Alzheimer’s disease brain-derived tau extracts show differential processing and transcriptional effects in human astrocytes
Matthew J. Reid, Melissa Leija Salazar, Claire Troakes, Steven Lynham, Deepak P. Srivastava, Beatriz Gomez Perez-Nievas, Wendy Noble

TL;DR
This study shows how human astrocytes handle tau aggregates from Alzheimer's brains and how this affects gene activity.
Contribution
The study reveals how astrocytes process and respond to different tau aggregates from Alzheimer’s disease brains.
Findings
Human astrocytes can internalize tau aggregates from Alzheimer’s brain extracts.
Tau handling by astrocytes correlates with molecular properties of the aggregates and affects gene expression.

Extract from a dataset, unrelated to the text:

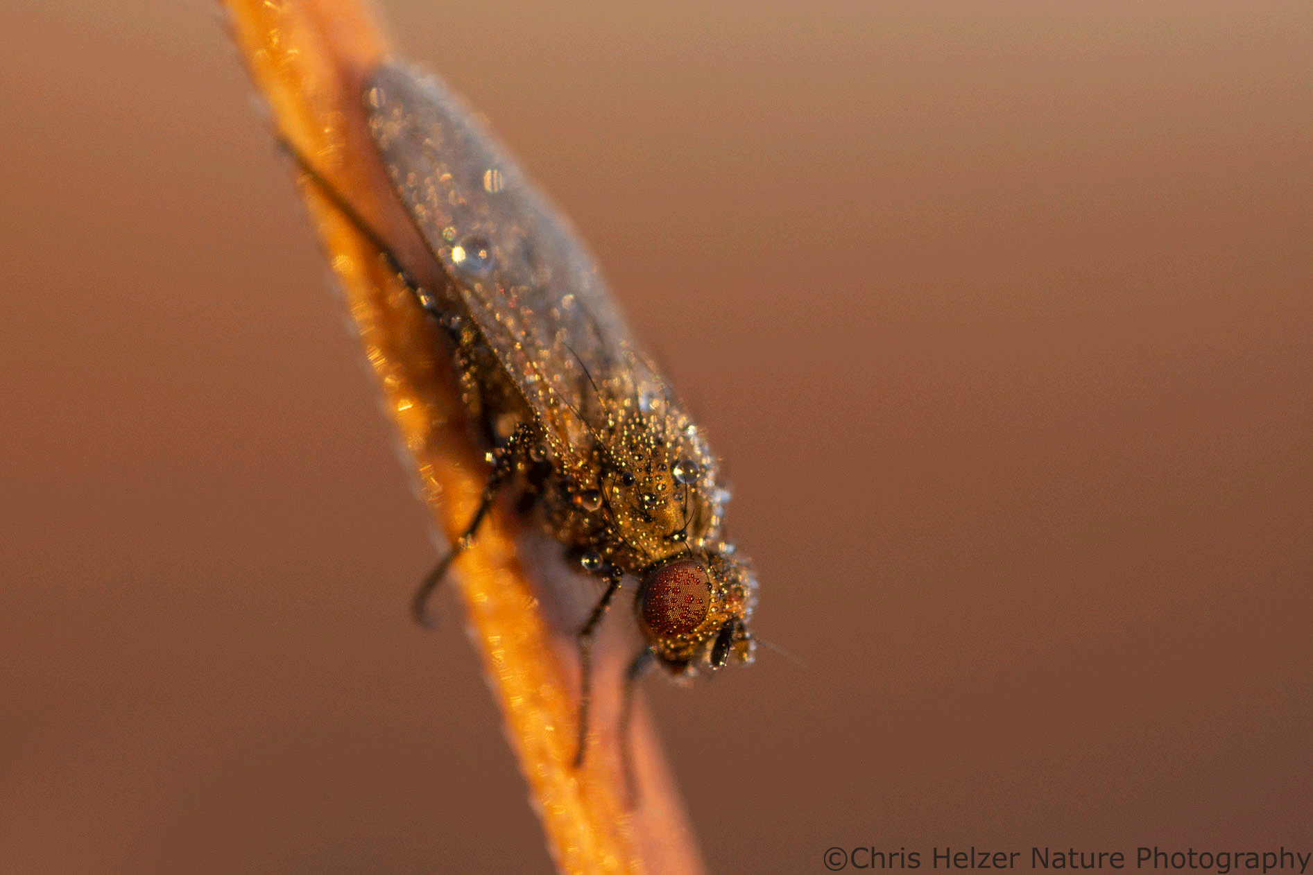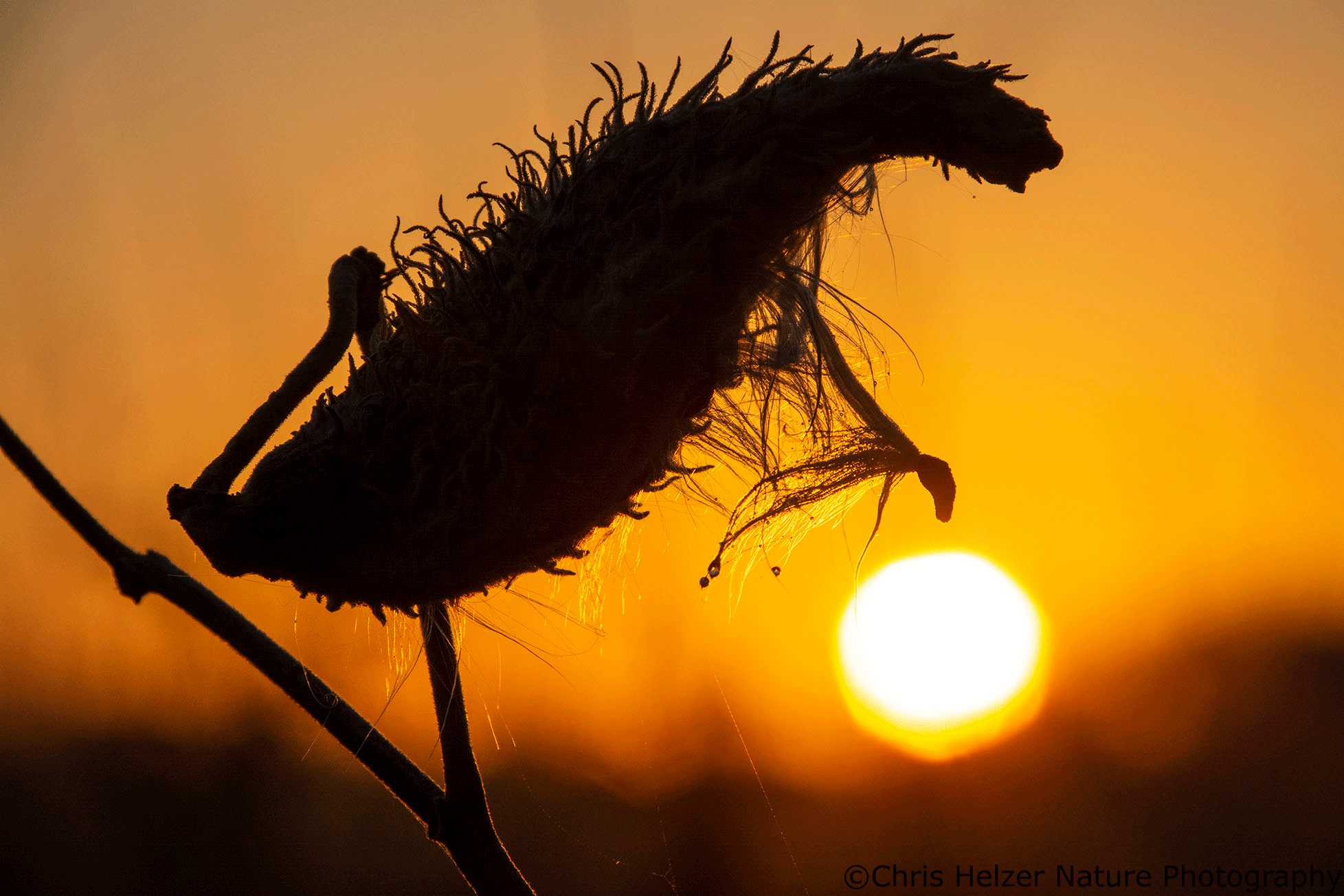 Common milkweed (Asclepias syriaca) pod and seed at sunrise. Nikon 18-300mm lens @300mm. ISO 320, f/14, 1/500 sec.Tall thistle (Cirsium altissimum) at sunrise. Nikon 18-300mm lens @300mm. ISO 320, f/14, 1/500 sec.Switchgrass (Panicum virgatum) at sunrise. Nikon 18-300mm lens @300mm. ISO 320, f/9, 1/1000 sec.Stinkbug on Canada goldenrod (Solidago canadensis). Nikon 105mm macro lens. ISO 500, f/10, 1/100 sec.Fly and morning dew. Nikon 105mm macro lens and Raynox 250 magnifier. ISO 500, f/16, 1/60 sec.
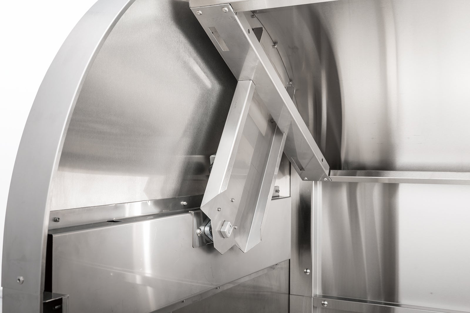 上部の扉は「回転式」なので、本体内部に扉が納まり、上部分に扉開閉のためのスペースを必要としません。前扉は前面にスペースがなくても開閉するオリジナル機構の「上下スライド式扉」です。限られた空間にも設置できる、省スペース設計です。

Astrocyte responses include both clearance of tau and seeding of further aggregation.
Abstract
Post-translational modifications of tau, including phosphorylation at specific residues, are closely linked with tau seeding ability and clinical disease progression. While most previous evidence has focused on neuronal tau spread, evidence supports a similar role for astrocytes. Here, we demonstrate that well characterized tau aggregates isolated from postmortem Alzheimer’s disease brain are internalized and processed by control human–induced pluripotent stem cell-derived astrocytes. Differences in the efficiency of tau internalization, clearance and/or seeding were noted, which reflect molecular properties of tau and/or co-factors in brain extracts. We observed a direct relationship between tau handling by astrocytes and astrocyte transcriptomic changes. Dysregulated genes include several previously identified as upregulated in reactive astrocytes in Alzheimer’s brain, as well as…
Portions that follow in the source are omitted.